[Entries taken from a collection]
++++

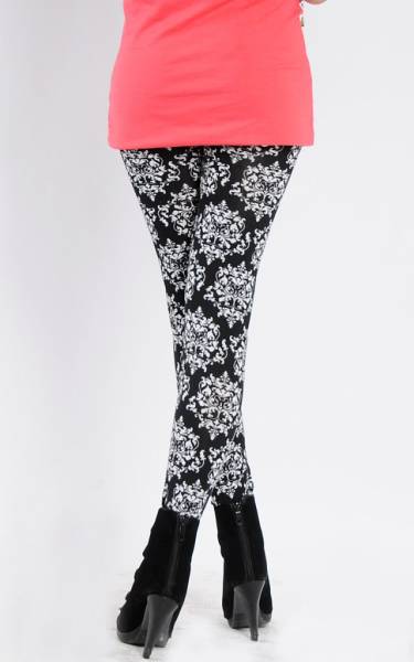 【美脚◆個性派レギンス◆081】ダマスク柄★ブラック
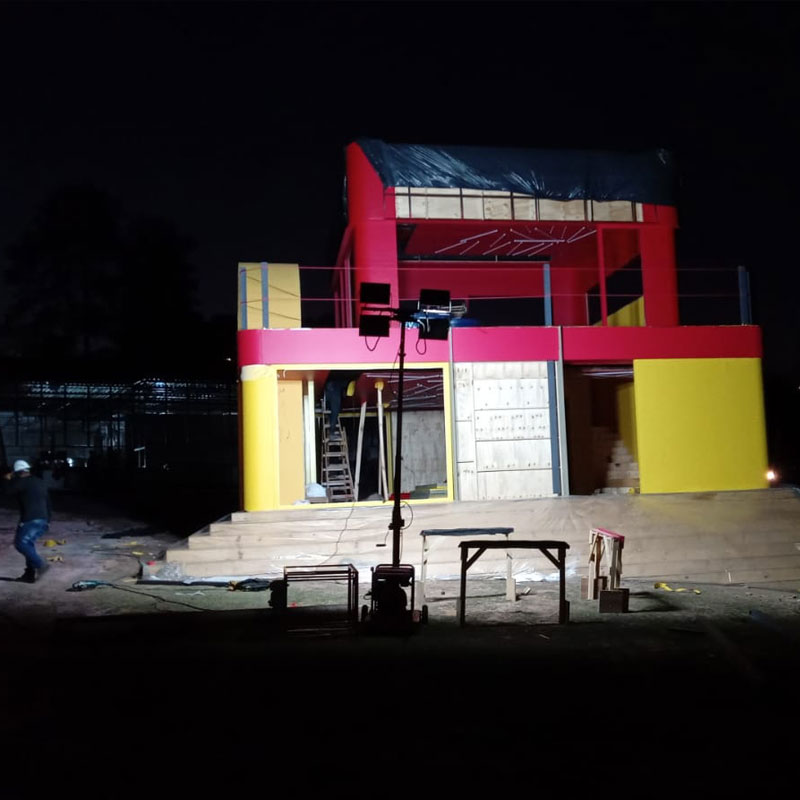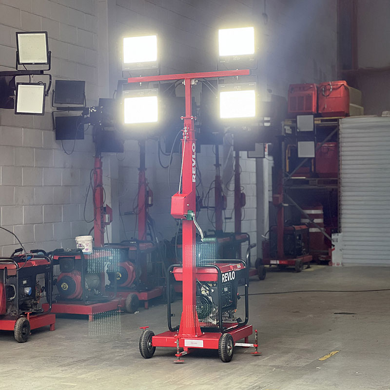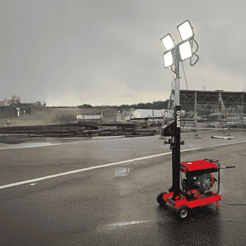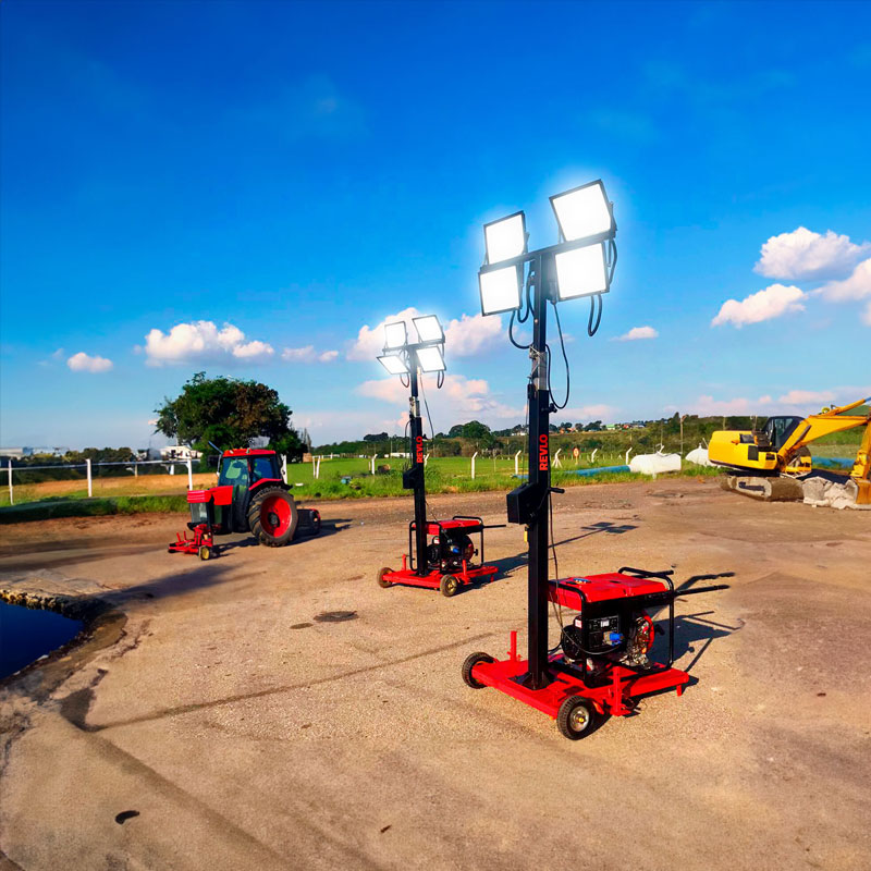 Uma torre de iluminação portátil, de fácil mobilidade que é capaz de fornecer até 2400 watts de potência.
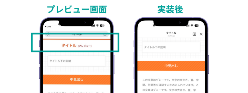 「トーク内ブラウザ(大)」でタイトルが表示されないのは、スマホの機種やLINEの仕様によって、ヘッダー部分が隠れてしまうことがあるからです。
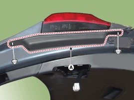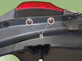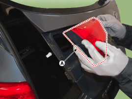 Снимите задний комбинированный фонарь (А) после ослабления гаек крепления.
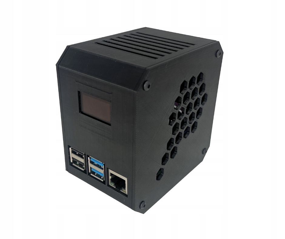 Чохол MiniTower для комп’ютера Raspberry Pi 4. Має отвори для портів microHDMI та USB-C. Призначено для OLED-дисплея 0,96" 128x64. Він має отвори зверху та з боків, які забезпечують потік повітря.
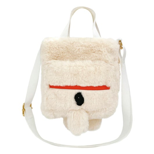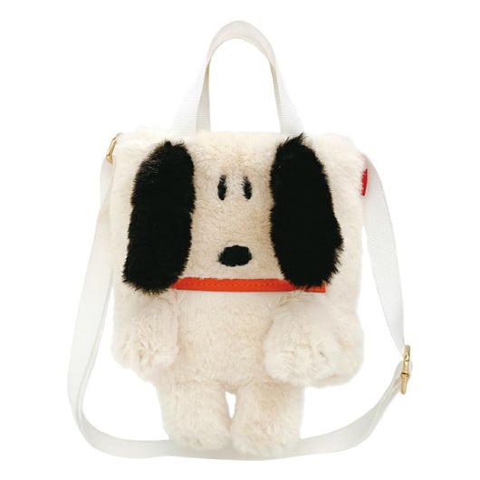 手触りの良いもふもふスヌーピー。まるでぬいぐるみを連れてお出かけしているよう。ちょっとそこまで”こでかけ”のおともに。トートバッグとしてもショルダーバッグとしても。
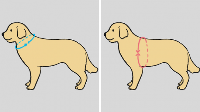 강아지가 목줄 및 하네스를 멨을 때, 손가락 2~3개 정도가 들어갈 정도의 여유가 있는 사이즈의 제품을 사용하는 게 가장 좋습니다.
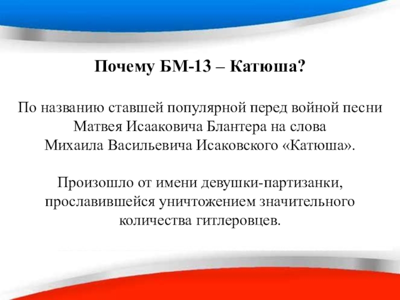 Слайд 40Почему БМ-13 – Катюша?

++++

WHAT YOU HAVE TO DO: Please copy the data above exactly; the pictures do not belong in the copy.

YOUR RESPONSE:
 【美脚◆個性派レギンス◆081】ダマスク柄★ブラック
 Uma torre de iluminação portátil, de fácil mobilidade que é capaz de fornecer até 2400 watts de potência.
 「トーク内ブラウザ(大)」でタイトルが表示されないのは、スマホの機種やLINEの仕様によって、ヘッダー部分が隠れてしまうことがあるからです。
 Снимите задний комбинированный фонарь (А) после ослабления гаек крепления.
 Чохол MiniTower для комп’ютера Raspberry Pi 4. Має отвори для портів microHDMI та USB-C. Призначено для OLED-дисплея 0,96" 128x64. Він має отвори зверху та з боків, які забезпечують потік повітря.
 手触りの良いもふもふスヌーピー。まるでぬいぐるみを連れてお出かけしているよう。ちょっとそこまで”こでかけ”のおともに。トートバッグとしてもショルダーバッグとしても。
 강아지가 목줄 및 하네스를 멨을 때, 손가락 2~3개 정도가 들어갈 정도의 여유가 있는 사이즈의 제품을 사용하는 게 가장 좋습니다.
 Слайд 40Почему БМ-13 – Катюша?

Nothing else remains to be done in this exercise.